Сохранению этого давно сложившегося стереотипа способствуют современные политические теории (истоки которых восходят к французским просветителям и классикам немецкой философии — Гегелю и др.), ориентированные на поиск эталона общечеловеческого развития, «государства разума», на понятие прогресса. Прямое или косвенное признание того, что история есть неуклонное шествие вперед, где одни государства обгоняют другие, связано с делением наций на совершенные и несовершенные. Для того чтобы уничтожить этот предрассудок, необходимо отрешиться в первую очередь от общепринятой группировки политических явлений и событий по принципу отнесения их к периодам древней, средневековой и новой истории. Такая группировка изменяет реальный смысл истории, ибо оставляет в тени как якобы не стоящие внимания целые регионы планеты — Индию, Китай, Египет. Они «выпадают» из прогрессистской схемы, нарушают стройность искусственной системы, превратившей Европу в некий идеальный образец, достойный подражания и поклонения.


Данилевский уверен, что подобная периодизация связана с нарушением основных принципов классификации, поскольку в основу ее положена идея синхронизма, или одновременного сравнения государств и регионов, с целью выявления общих, характерных для данного периода тенденций и особенностей развития. Сопоставляются не одинаковые, а различные ступени развития народов, ибо зарождаются, расцветают и дряхлеют они не одновременно, и делается не имеющий ничего общего с реальностью вывод о превосходстве одних народов и неразвитости других. Традиционное деление истории на периоды содержит в себе ошибочное смешение ступеней и типов развития. Гораздо целесообразнее было бы выделять реальности культурно-исторических типов, т. е. «самостоятельных, своеобразных планов религиозного, социального, бытового, промышленного, политического, научного, художественного, одним словом, исторического развития». Как для сохранения естественной гармонии одинаково важны разнообразные виды растительного и животного мира, так же равноправны и самоценны всевозможные проявления человеческого духа, формы искусства, языки, порожденные тем или иным народом.

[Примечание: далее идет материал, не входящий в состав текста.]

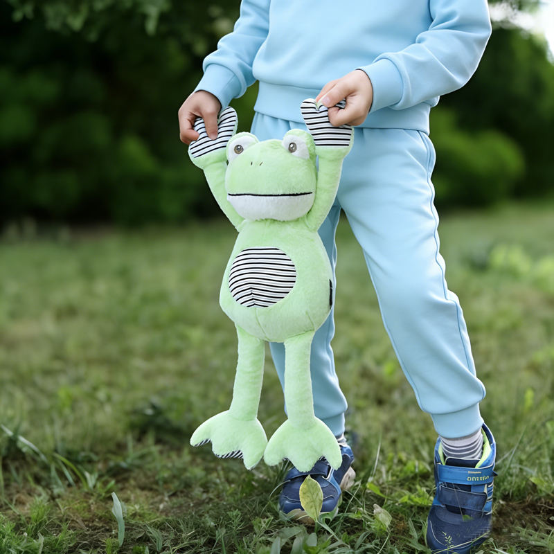 ตุ๊กตากบยิ้มน่ารัก ลายทาง ดีไซน์ไม่ซ้ำใคร ราคาโรงงาน MOQ ต่ำ 50 ชิ้น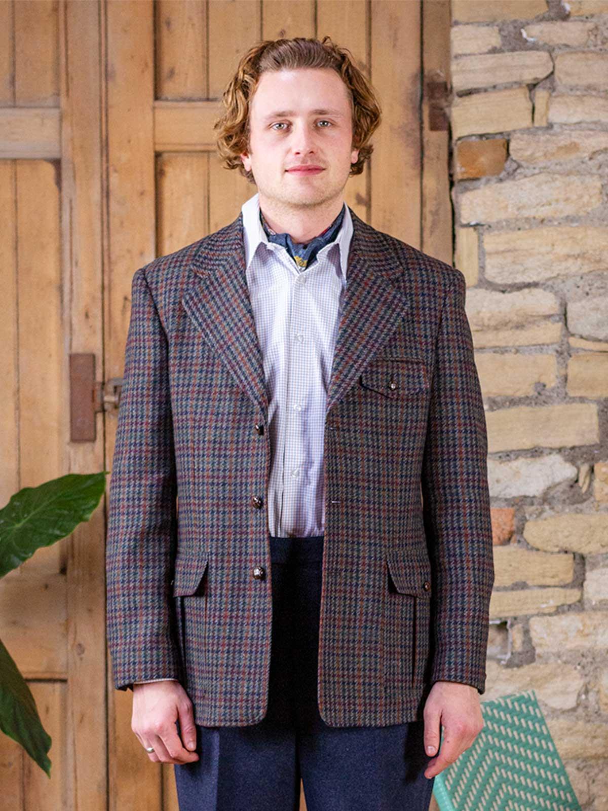 This version of the popular Clubman jacket has been re-imagined in an elegant multicoloured houndstooth check. Rust, navy, plum and tonal green colours have all been woven into this truly premium cotton blend tweed.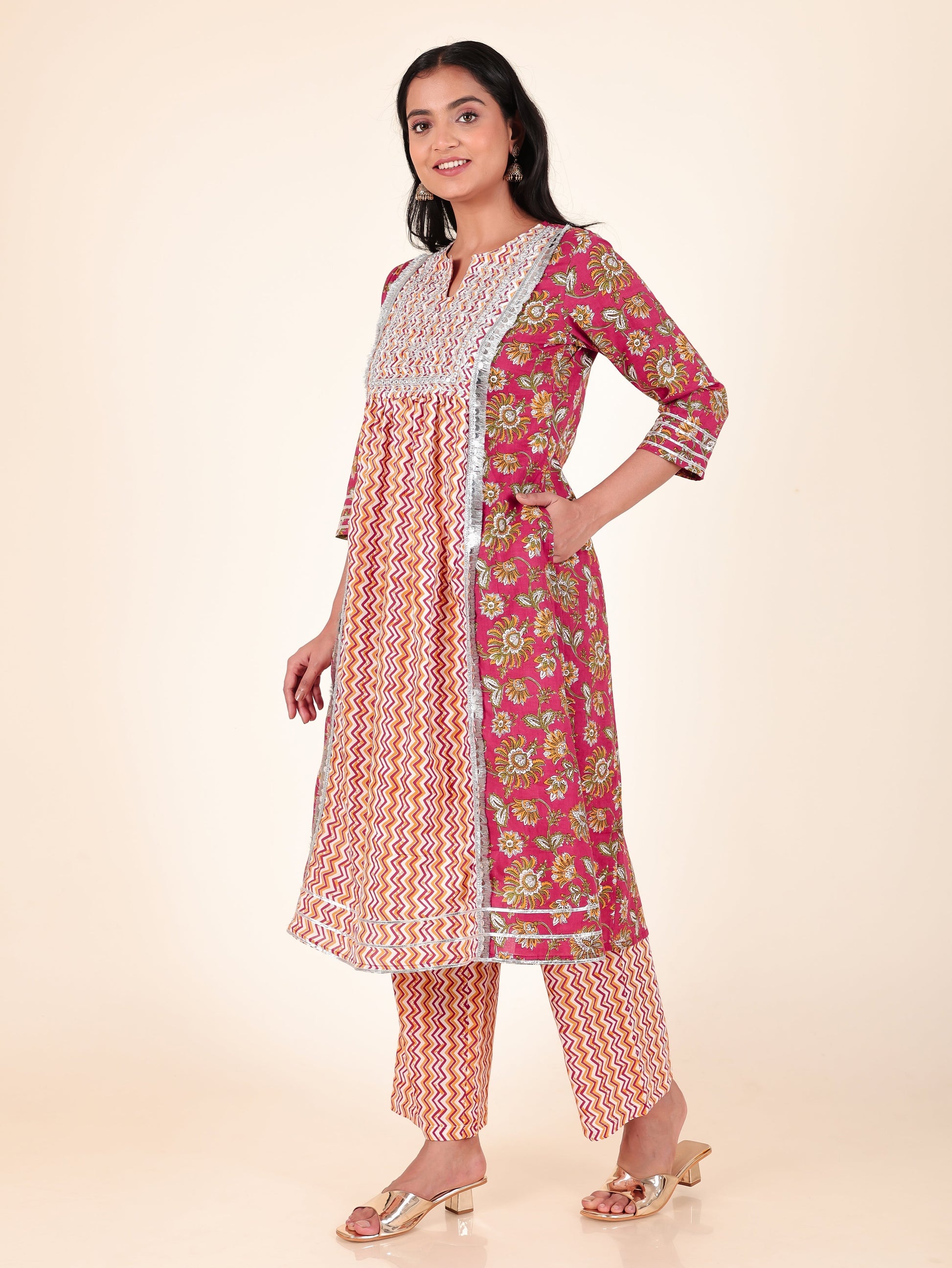 This Multicolor Panelled kurta in soft Soft Cotton is a timeless pick for festive and casual wear. Designed with a Round neckline and 3/4 Sleeve sleeves, its graceful Calf Length cut flatters all body types. The delicate Floral detailing adds a touch of sophistication. Pair it with statement earrings and juttis for a polished look. Maintain its pristine look by following proper care instructions.

Ядром культурно-исторического типа является национальное, а не интернациональное (космополитическое) начало, обладающее определенным запасом энергии и способностью к саморазвитию, вызванное к жизни божественной «креативностью». Связывая появление наций и народностей мира с действием сверхъестественной мистической силы, Данилевский тем не менее дает им научное определение: «…что такое национальность, как не накопившаяся через наследственность сумма физических, умственных и нравственных особенностей, составляющих характеристические черты народных групп — особенностей, которые кладут свой отпечаток на их политическую, промышленную, художественную и научную деятельность и тем вносят элемент разнообразия в общую жизнь человечества и, в сущности, обусловливают возможность продолжительного прогресса?» Данилевский подчеркивает значение единых традиций, быта, социально-экономического уклада жизни, языка, являющихся для него признаками национальной целостности, видит, что консолидации нации способствует развитие торговли, транспорта, но все же в качестве основного фактора национального единства он выделяет национальное самосознание. Нация должна быть способна постигать самое себя как целое, подобно личности, осознающей себя таковой в сравнении с другими личностями.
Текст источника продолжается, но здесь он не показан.